Модест КОЛЕРОВ. Тут однозначного ответа нет. Очевидно, что втягиваться в прямое открытое противоборство с самой мощной державой мира мы себе позволить не можем. Это самоубийство. Но и «забыть» Украину тоже не можем. Этот фактор чем дальше, тем сильнее будет нас подпирать рогатиной в бок. Поэтому нужна очень выверенная и взвешенная политика игры на противоречиях, которые есть как в отношениях Украины и США, так и внутри самой Украины. К счастью, наш враг не скрывается — он циничен, открыт и даже не даёт себе труда быть особенно умным. Он открыто провозглашает роль и место Украины в своей геополитической игре – «энский» армейский корпус, который будет брошен против России в удобном для того случае. Расходный материал! Несмотря на нынешнее противостояние с Москвой, в украинской элите достаточно людей, которым совершенно не хочется быть ни пушечным мясом для США, ни тараном, ни даже колонией. И они отлично понимают, что «одноразовая» роль расходного корпуса против России — это крест на всех политических и исторических амбициях Украины. Зависимая, управляемая извне колония — это совсем не то, о чём мечтают архитекторы «Большой Украины». Нет и на самой Украине консенсуса по отношению к России. Не упоротым «самостийностью», трезвым политикам очевидно, что ни США, ни Запад — объективно не заинтересованы в экономическом укреплении Украины, а её эффективное развитие без тесных связей с Россией — сказки для детей. Нам нужно строить свою политику на этих противоречиях и не дать разгореться открытому военному конфликту.
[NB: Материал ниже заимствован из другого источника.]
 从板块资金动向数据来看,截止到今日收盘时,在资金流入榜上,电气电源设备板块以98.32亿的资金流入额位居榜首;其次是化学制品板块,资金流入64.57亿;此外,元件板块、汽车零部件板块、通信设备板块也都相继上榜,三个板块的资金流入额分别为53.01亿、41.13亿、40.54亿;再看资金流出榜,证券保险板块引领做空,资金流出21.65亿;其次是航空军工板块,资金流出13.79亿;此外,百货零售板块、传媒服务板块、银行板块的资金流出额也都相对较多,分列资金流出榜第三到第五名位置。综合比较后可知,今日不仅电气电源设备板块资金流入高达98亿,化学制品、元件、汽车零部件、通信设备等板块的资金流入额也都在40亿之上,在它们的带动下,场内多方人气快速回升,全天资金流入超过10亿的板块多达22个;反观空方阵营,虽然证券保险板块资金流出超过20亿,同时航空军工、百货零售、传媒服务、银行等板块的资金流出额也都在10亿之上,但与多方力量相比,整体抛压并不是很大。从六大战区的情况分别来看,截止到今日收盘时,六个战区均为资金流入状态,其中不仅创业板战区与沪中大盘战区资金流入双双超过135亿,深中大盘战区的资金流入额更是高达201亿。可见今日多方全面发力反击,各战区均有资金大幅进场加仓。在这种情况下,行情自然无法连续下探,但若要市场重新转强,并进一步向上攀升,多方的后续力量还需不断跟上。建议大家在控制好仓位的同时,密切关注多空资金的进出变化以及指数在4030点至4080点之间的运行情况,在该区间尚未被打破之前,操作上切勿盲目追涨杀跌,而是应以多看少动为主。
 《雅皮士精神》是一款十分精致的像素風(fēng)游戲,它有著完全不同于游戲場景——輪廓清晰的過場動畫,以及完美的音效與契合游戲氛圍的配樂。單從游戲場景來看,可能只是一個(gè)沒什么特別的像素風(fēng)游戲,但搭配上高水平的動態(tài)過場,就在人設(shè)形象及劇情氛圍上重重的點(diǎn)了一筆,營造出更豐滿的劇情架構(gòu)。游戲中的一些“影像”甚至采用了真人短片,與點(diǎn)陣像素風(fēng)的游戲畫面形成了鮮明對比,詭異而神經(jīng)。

Владислав ШУРЫГИН. Соглашусь. Несмотря на то, что сегодня националистической элитой, пришедшей к власти в феврале 2014 года, проводится ускоренная «украинизация» территорий и оголтелая нацистская обработка населения, Украина так и не сложилась в единое унитарное государство. Сегодня это — всё та же агломерация разных земель, что и в советское время. В границах Украины собрано пять разных идеологий, пять разных территорий, пять разных этносов, которые даже не говорят на одном языке. Есть Галичина — «западенщина», страшно изувеченная ХХ веком человеческая общность, протёртая между Польшей, Румынией, Австро-Венгрией, Россией — там живут носители наиболее радикального национализма, фактически нацизма, ненавидящие всех «неукраинцев» вокруг.

С другой стороны, есть Правобережная Украина — та, которую было бы правильно назвать «Гетманщиной». Она готова бесконечно менять гетманов и лавировать между Востоком и Западом. Она, безусловно, исповедует «самостийность и нэзалэжность» — но уже умеренно, тяготея к терпимости, к союзам.
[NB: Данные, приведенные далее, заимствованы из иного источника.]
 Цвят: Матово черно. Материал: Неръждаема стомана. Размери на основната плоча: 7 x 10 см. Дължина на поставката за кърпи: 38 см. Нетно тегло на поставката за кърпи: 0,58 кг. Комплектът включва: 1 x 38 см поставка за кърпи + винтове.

Есть левобережная Украина, которая традиционно тяготеет к России, исторически во многом с ней связана, выступает за братский союз с нашей страной.

Отдельно стоит Новороссия, которая была вообще искусственно прирезана к Украине и никогда ранее не входила в её состав.

И, наконец, есть Крым, который был вообще в советское время повешен Украине на шею, как некое украшение, который никогда не считал себя «украинским» и который Украину при первой возможности покинул.

Поэтому Украина может существовать только как результат некоего внутреннего баланса этих сил. Но теперь баланса нет, равновесие взломано и уничтожено «Галичиной» и радикальной частью «гетманьщины». И это далеко не всем по нраву…

Особый вопрос — русский фактор. Насколько он сегодня проявлен на Украине, где до недавнего времени русский язык был родным почти для двух третей населения?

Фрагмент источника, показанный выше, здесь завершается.